Bernalillo County has followed the pattern of the

U.S. housing market, with permits for new single-family

construction declining sharply through 2011 from their

peak in 2005. Per the 1st Quarter 2014 “The Quarterly

Housing Digest,” prepared by DataTraq, there were 357

building permits issued in the Albuquerque Metropolitan

area from January 2014 through March 2014. There

were 1,451 permits issued during 2013. There were 111

permits pulled in NW Albuquerque during the 1st Quarter,

2014, 31.1% of market. 529 permits were pulled in the

NW market during 2013. The price range of the homes

to be sold is $160,000 to $250,000, which is 75% of this

submarket. Additionally, the number of construction

permits for single-family homes of 2,000 square feet and

larger is much greater in North West Albuquerque than in

any other region of the county, indicating strong projected

demand for housing stock in the area of TTMPC.1

ALBUQUERQUE APARTMENT RENTAL MARKET

The Apartment Market Survey Summary, conducted

by CBRE in September 2014 indicated continued strong

occupancy and solid year-over-year rent growth in

Albuquerque. From September 2013 to September 2014,

year-over-year market rent increased 2.18% from $735 to

$751 with all unit types showing rent gains. Studio units

again showed the largest gain at 3.60%, followed by one-

bedroom/one-bath and two-bedroom/two-bath units both

at 2.57%. Two-bedroom/one-bath and three-bedroom/two-

bath unit rents increased by 0.98% and 0.72% respectively.

Furthermore, Albuquerque is home to one of America’s

most stable rental markets, having avoided the massive

occupancy and rent declines experienced by most other

Sunbelt markets in 2009 and 2010.

Since CBRE’s first survey in May 2008, Albuquerque’s

weighted average rent and effective rent are up 11.26%

and 12.03%. Average September market rent showed at

least a small increase every year since 2008. Year over year

market occupancy remained nearly the same, declining

marginally from 94.37% in September 2013 to 94.30%

in September 2014. September 2014 occupancy was

94.68%,. slightly below but in line with the average of

the past seven years.

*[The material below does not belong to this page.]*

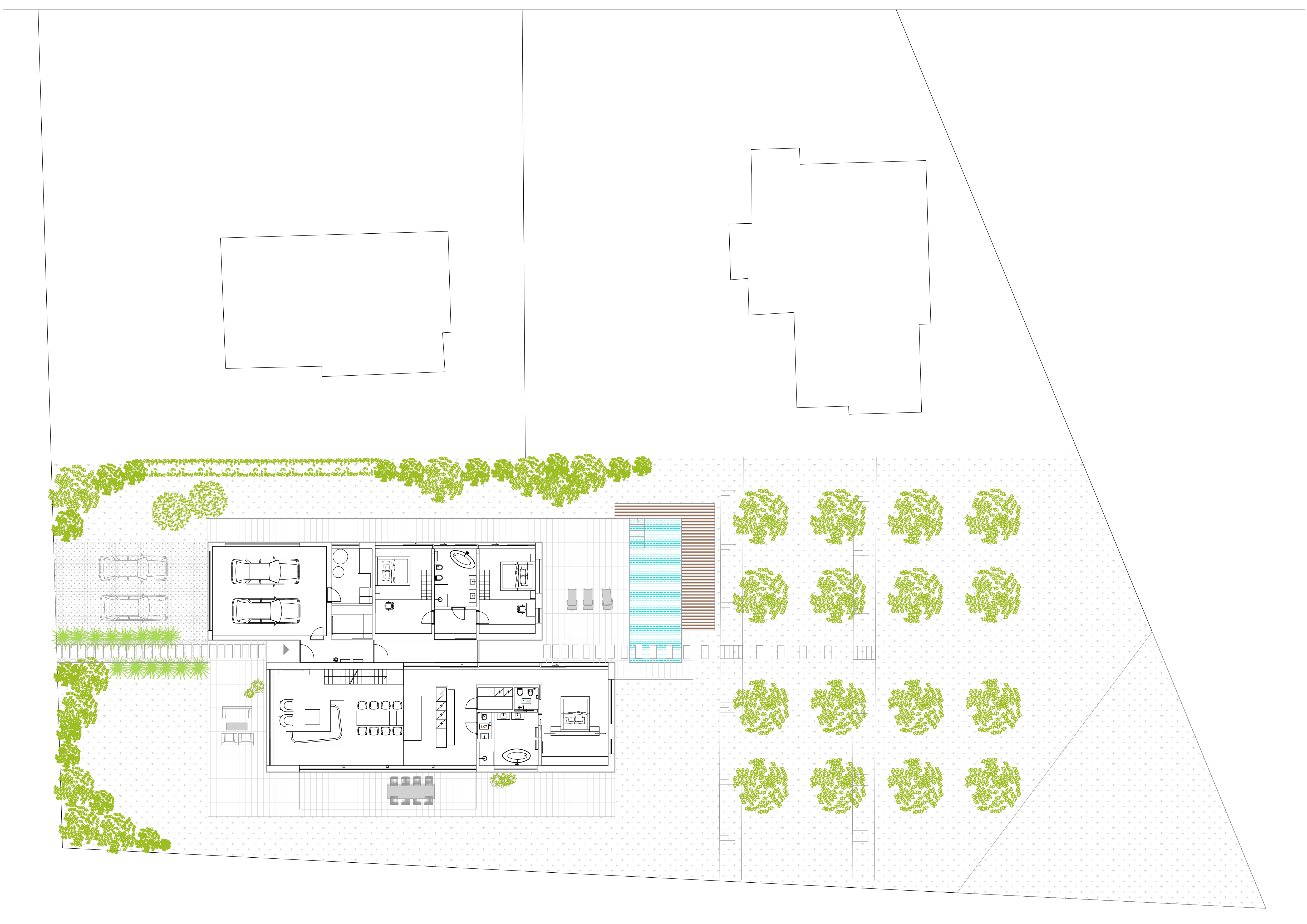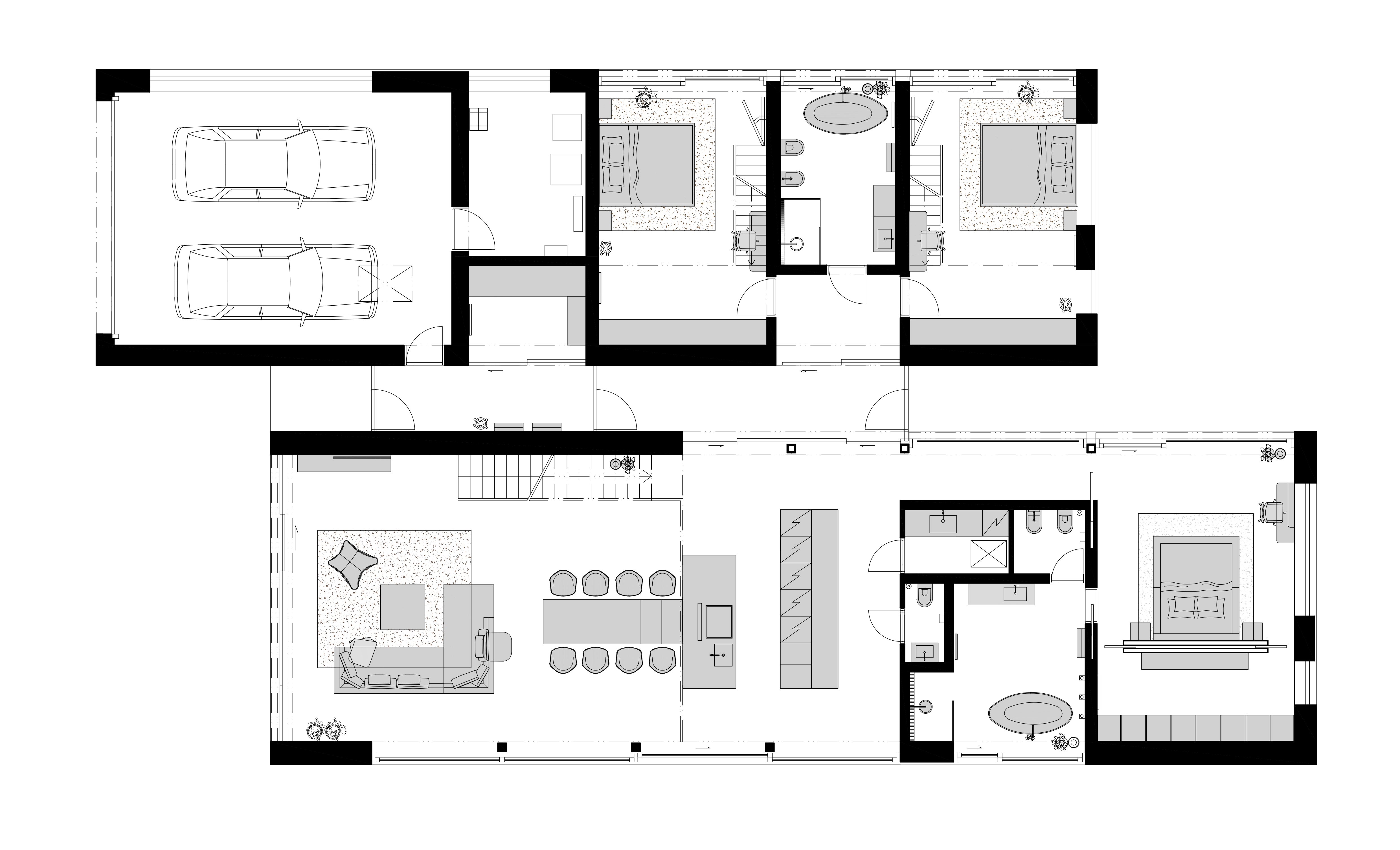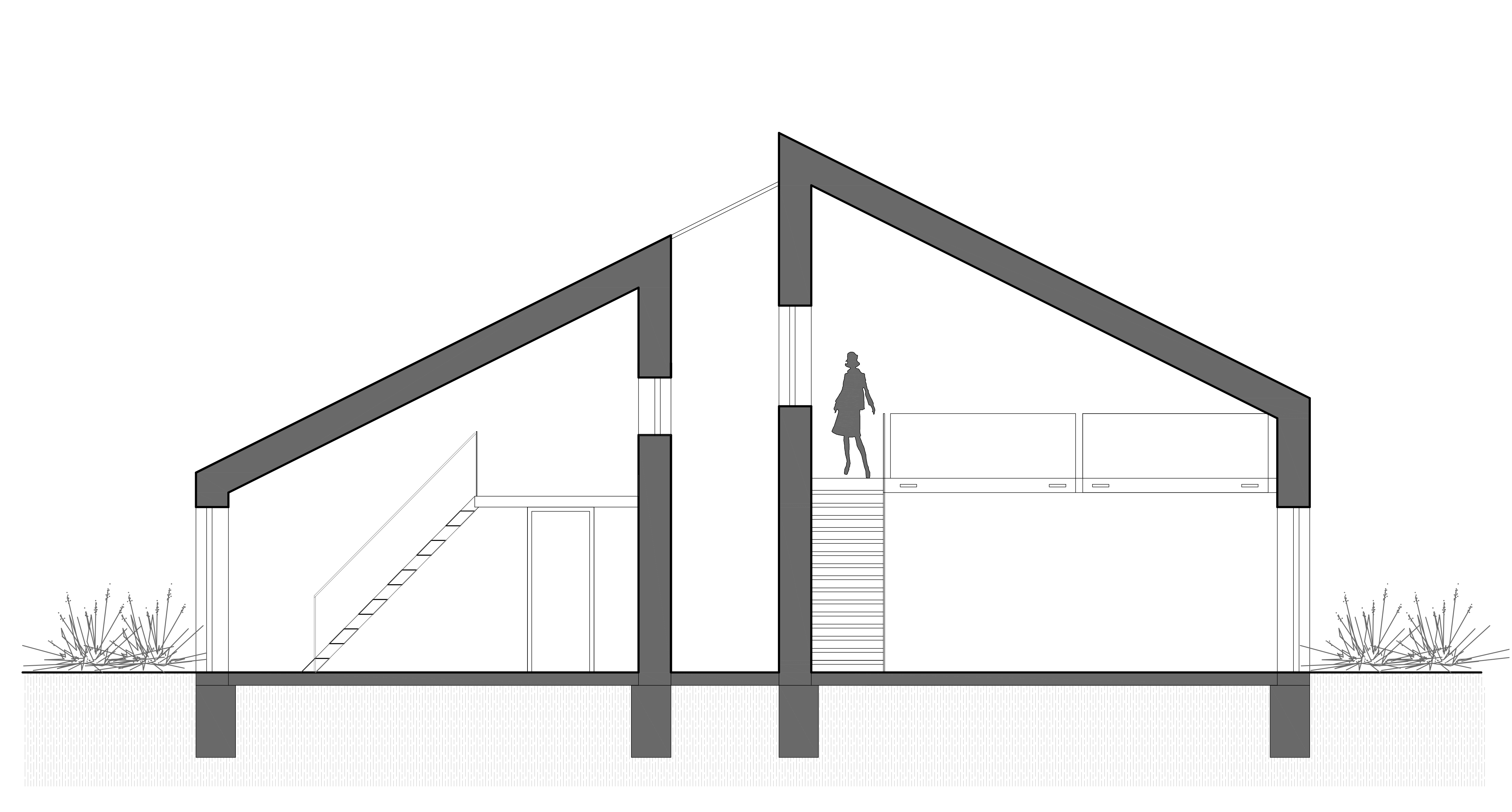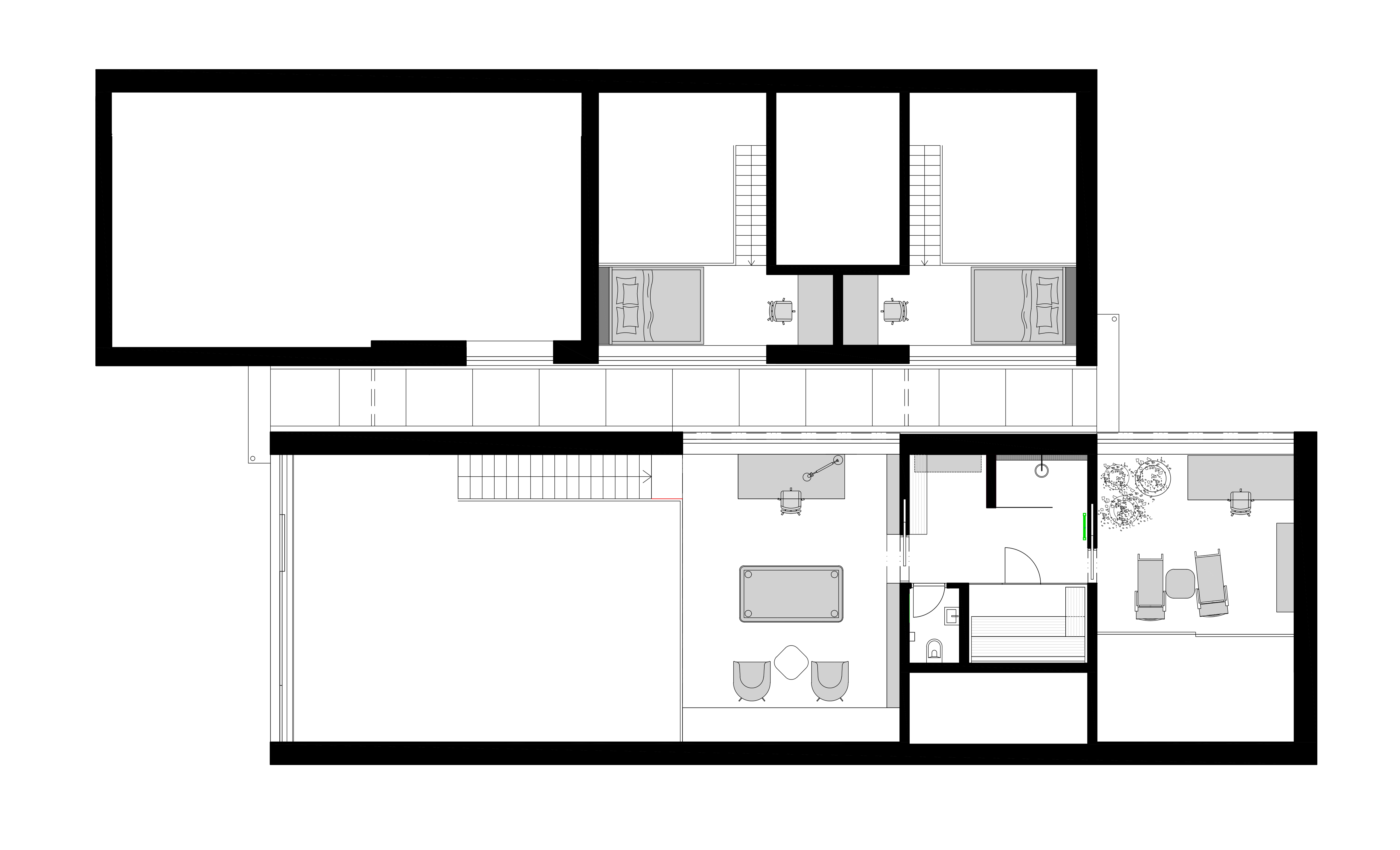 Východní hmota domu je určena pro potřeby manželského páru a západní hmota pak pro jejich dospělé děti s rodinami, které obývají dům jen u příležitostí návštěv.

Market-rate property performance

continues to strengthen with September year-over-year

occupancy increasing from 94.17% to 94.37%. Average

market-rate rent increased from $743 to $762, an

improvement of 2.56%.

The development pipeline is expected to deliver about

690 units in 2015 with about 80% of the pipeline being

market-rate properties. These properties will be mainly on

the west side of Albuquerque. Due to a scarcity of zoned or

suitable land, there will be minimal opportunities for significant

market-rate development beyond 2015. Only 180 units

of new market-rate product will be delivered in Northeast

Albuquerque in 2015, and should readily be absorbed.

The percentage of surveyed properties with occupancy

of 95% or better in September 2014 decreased slightly

to 53% from 59% in September 2013. The September

year-over-year percentage of properties with 90% or higher

occupancy increased from 86% to 89%, indicating overall

strengthening of the market. The number of properties

with occupancy below 85% decreased from 14% of total

inventory to 11%. However, there was an increase in those

below 80% occupancy from less than 1% to 2%. A pie chart

for Albuquerque occupancy can be seen below2:

ALBUQUERQUE OCCUPANCYSEPTEMBER 2014

Source: "Apartment Market Survey Summary". CBRE 2014

0-79.7%

80-84.9%

85-89.9%

90-94.9%

95-100%

1 DeMaggio, Jan. “The Quarterly housing Digest. Actual Permits Issued in: Albuquerque, unincorporated Bernalillo County, Rio Rancho, and Los Lunas. DataTraq. 1st Quarter 2014.

2 “Apartment Market Survey Summary”. CBRE. September 2014.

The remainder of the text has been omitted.